По правде говоря, Джеймс был сыт по горло этим сожительством. Пока Патрик его брил, Джеймс имел возможность вдоволь налюбоваться обстановкой их общей кухни. Куда ни посмотришь – повсюду было заметно, что тут жили холостяки. Вот висит груша с дырой в боку, откуда на пол сыпались опилки. А вот не находившие применения в хозяйстве медные кастрюли на железной плите, тоже стоявшей без дела. От простыней же в спальне наверху пахло лишь одиночеством и немного псиной.
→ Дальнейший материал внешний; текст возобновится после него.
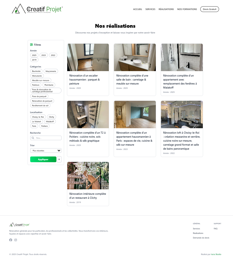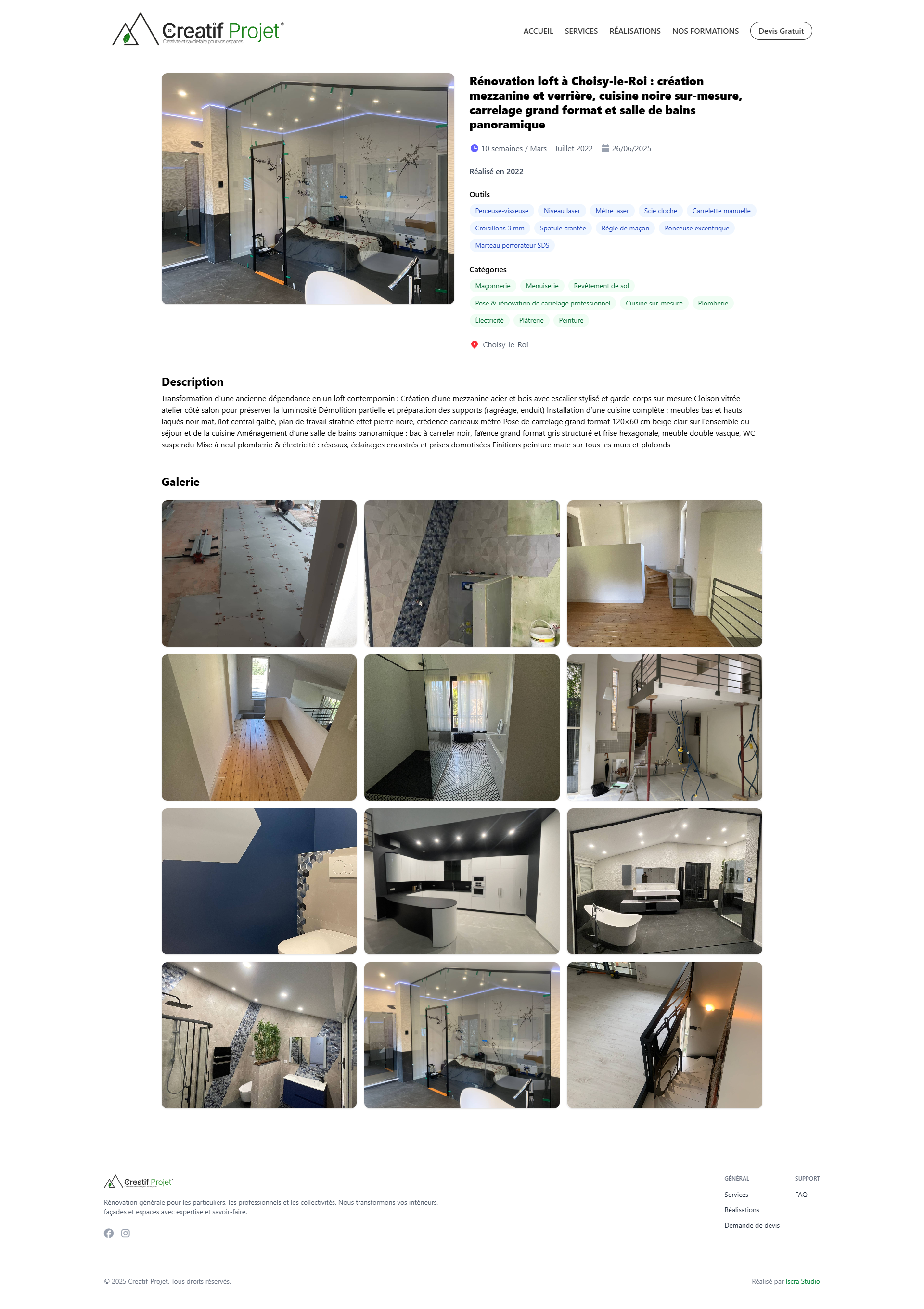 J’ai développé le site creatif-projet.fr, une plateforme moderne destinée à une entreprise de rénovation qui souhaitait une présence en ligne crédible, claire et efficace. Le site met l’accent sur la présentation des réalisations, des services et des formations, tout en restant très simple à administrer au quotidien.
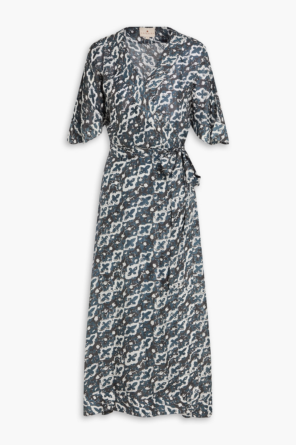 Clementine Printed Silk-voile Midi Wrap Dress In Grey

Ох, как же он хотел вернуться к Джорджетт и спать с ней – чтобы голова ее лежала у него на плече. И хотел просыпаться на простынях, от которых пахло бы ею.
И все то время, что Патрик мучил его, втыкая иголку ему в лицо, Джеймсу не давала покоя мысль о том, что миссия его так и осталась невыполненной.
– Полагаю, ты не послушаешь меня, если я велю тебе лечь в постель, – сказал Патрик, закончив работу.
Джеймс со стоном поднялся на ноги и проговорил:
– Даже Джемми не слушает тебя, когда ты приказываешь ему лечь. – Он пытался делать вид, что может держаться прямо, но это у него плохо получалось. – Я не могу остаться. Ты же знаешь…
– Да, пожалуй, знаю. Тогда как насчет того, чтобы я пошел с тобой?
Джеймс окинул друга оценивающим взглядом. Первым его побуждением, конечно же, было желание ответить отказом. Но сегодня он не раз ловил себя на том, что готов был принимать к рассмотрению даже такие предложения, которые раньше отмел бы не задумываясь. И, пораскинув мозгами, Джеймс кивнул.
– Спасибо. Принимается, – ответил он.
Патрик подошел к умывальнику и тщательно вымыл руки.
– Как ты? Сильно болит? Я мог бы дать тебе кое-что от боли, но лекарство предназначено для лошадей, и я не могу гарантировать, что оно на тебя подействует как надо.
Джеймс провел ладонью по зашитой щеке и подбородку. Представив, как, должно быть, странно выглядело сейчас его лицо, он невольно поморщился.
– Чувствую я себя сносно, а вот выгляжу, наверное, как клоун.
Патрик тщательно вытер руки, после чего снял с крюка над плитой медную сковороду и поднес ее сияющее дно к физиономии приятеля.
– Смотри. Все не так уж плохо. Мне кажется, твоей жене понравится.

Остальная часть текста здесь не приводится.